Application and Validation

Robotic soccer serves as the testing ground for this approach, given its highly dynamic and unpredictable environment. The methodology is validated using YOLOv8 object detection models trained on datasets comprising various robot models and balls, all rendered using 3D Gaussian splats. Performance metrics such as Precision, Recall, F1-Score, Intersection over Union (IoU), and mean Average Precision (mAP) facilitate a comprehensive comparison.

The experimental outcomes reveal that synthetic datasets generated using 3D Gaussian splatting offer accuracy close to that of real-world datasets while leveraging scalability advantages. Additionally, combining real-world and synthetic datasets further enhances object detection performance. For simple objects like spheres, low-fidelity models suffices, evidenced by an mAP50 of 0.962. For complex objects, a hybrid dataset improved mAP50 to 0.992, suggesting a promising compromise that balances time efficiency and accuracy.

Implications and Future Directions

The implications of this work are particularly profound for applications requiring rapid dataset generation, such as autonomous robotics deployed in constantly shifting environments. The authors illustrate the scalable potential of synthetic datasets, reducing the dependency on tedious manual annotations and providing the capability to introduce domain randomizations. While the methodology proves effective for scenarios like robot soccer, the generalizability to other dynamic robotic fields is promising.

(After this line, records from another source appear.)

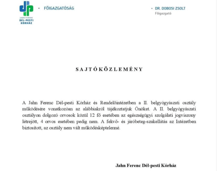 ismét elérhetővé a II. Belgyógyászati Osztály működése is, legalábbis papíron. Hiszen a gyomor-bélrendszeri vérző betegeket ma is más kórházakba szállítják. Erről pedig egy nyilatkozat is született, amely komoly és igen etikátlan részleteket is tartalmaz.
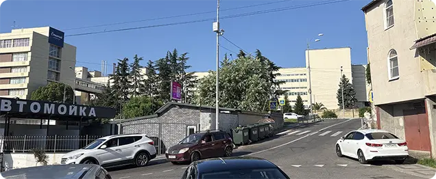 Мы находимся в центре Сочи, в районе с удобной транспортной развязкой Въезд с ул. Донская → направо на ул. Подгорную → здание слева
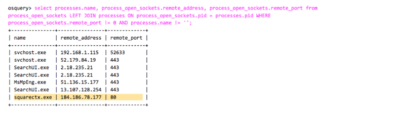 We can also use osquery to log socket connections for each process, performing network communications as shown below:
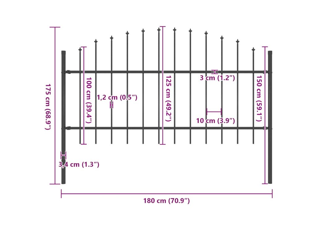 Zahradní plot s kopím nahoře ocelový 181 x 125 cm černý 144942
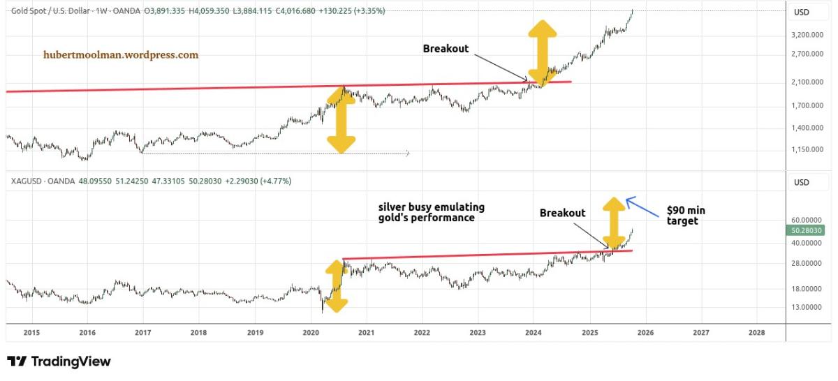 In 2024 it was gold that led the anti-dollar rallies with an important breakout in March. With the redrawn lines (in the chart below), it is clear how silver followed with a similar breakout in June 2025:
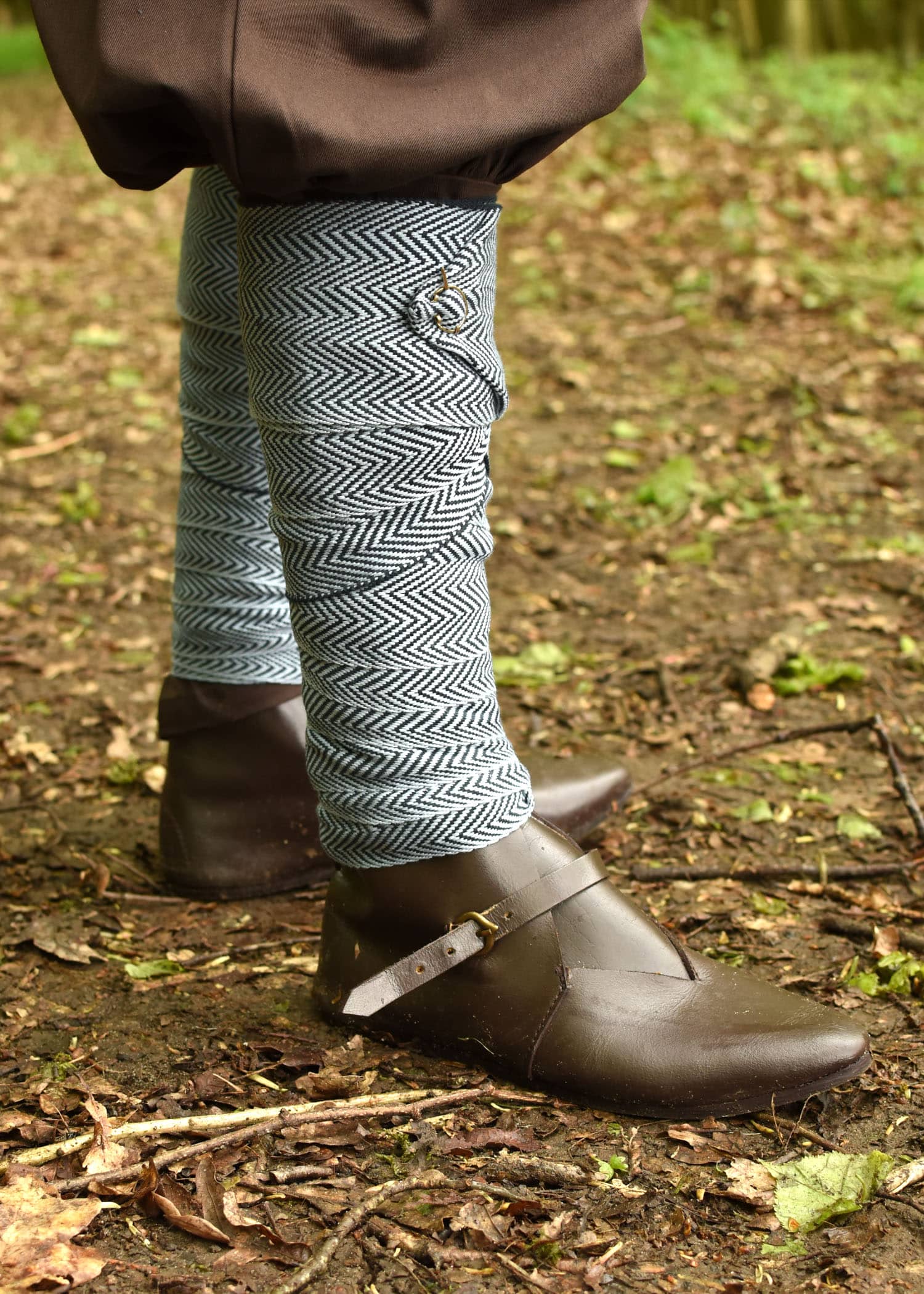 Wadenwickel wurden von den Wikingern benutzt um die untere Beinpartie warm zu halten. Zum befestigen benutzt man eine ganz kleine Fibel.
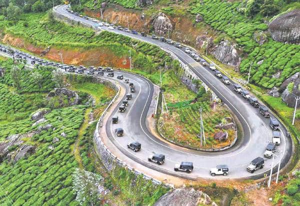 கொழுக்கு மலையில் அதிகாரிகள் அனுமதிக்காக காத்திருக்கும் ஜீப்கள்
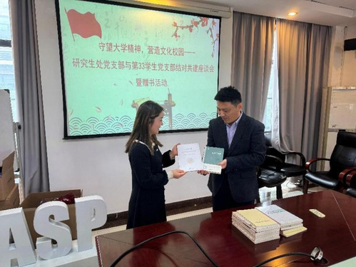 为深入开展学习贯彻习近平新时代中国特色社会主义思想主题教育,进一步进一步推动校园书香文化建设,活跃校园文化生活,营造浓郁文化氛围。2024年11月14日,上政第33学生党支部与结对共建研究生处党支部举办了以“守望大学精神,营造文化校园”为主题的经验交流座谈会。
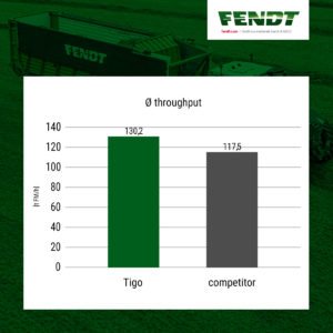 Maximale doorvoer is cruciaal voor hoge dagelijkse werksnelheden. Steeds kortere oogstvensters stellen dan ook hoge eisen aan mens en techniek. In de test overtuigde de Fendt Tigo met een gemiddelde opbrengst van 130 t FM/h bij maximale werksnelheid over meerdere testruns. De concurrerende machine haalde daarbij slechts 118 t FM/h. Ondanks 6% meer verdichting in de laadruimte is de doorvoer met de Tigo maar liefst 10,8% hoger.
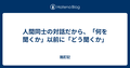- 12/22人間同士の対話だから、「何を聞くか」以前に「どう聞くか」 - 酩酊記人間同士の対話だから、「何を聞くか」以前に「どう聞くか」 - 酩酊記
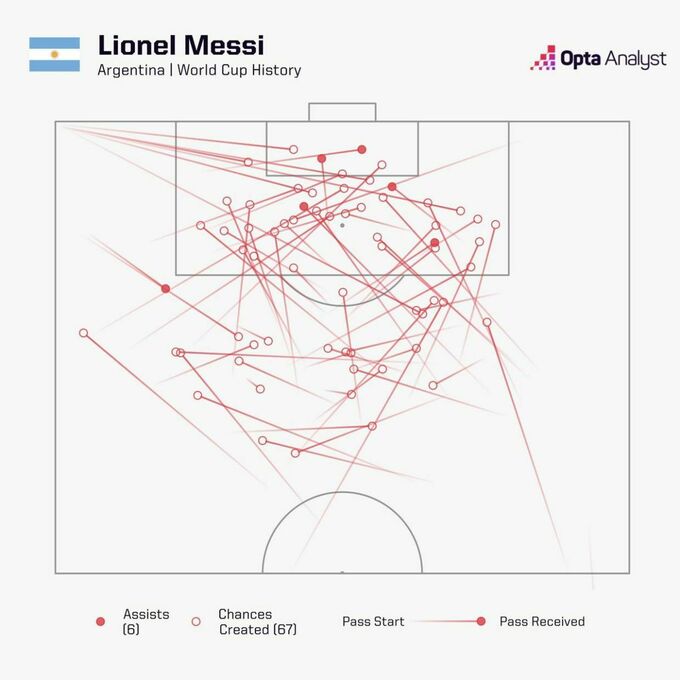 Лионель Месси повторил рекорд чемпионатов мира. Форвард сборной Аргентины сделал на пяти чемпионатах мира 67 передач под удар.
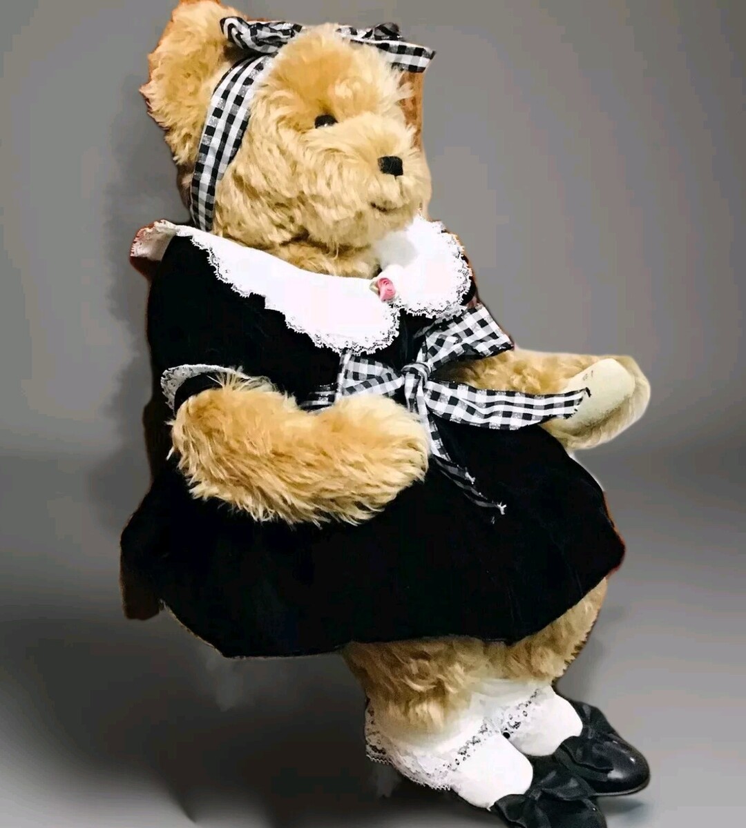 The bear is made of mohair material and is jointed for easy posing and displaying.
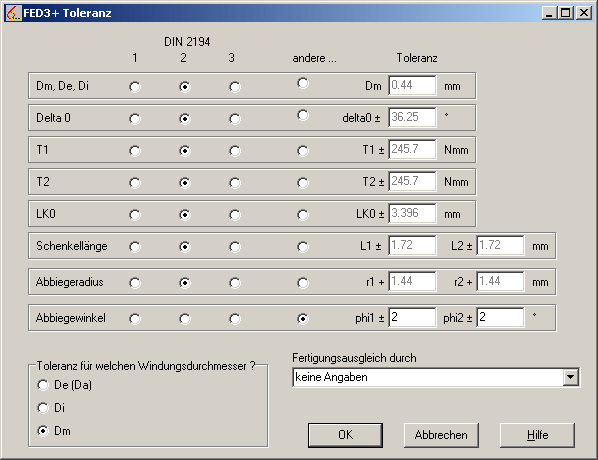 Bei Drehfedern mit abgebogenen Schenkeln war die Toleranz für den Biegeradius falsch angezeigt worden: die Toleranz beim Abbiegeradius geht nur ins Plus, angezeigt wurden bislang +/- Toleranzen.

Moving forward, this work could pave the way for more sophisticated synthetic data generation methods that incorporate additional environmental variations, enhance the photorealism of synthetic images, and further minimize the domain gap between synthetic and real-world datasets. Future research could also focus on integrating more advanced techniques like Neural Radiance Fields (NeRFs) or hybrid approaches employing both synthetic and real-world data to coax the most nuanced aspects of scene understanding from CNNs.

In conclusion, the paper presents a compelling advancement in synthetic data generation for training vision models in robotics, marking a significant stride towards more efficient, scalable, and less error-prone dataset creation methodologies.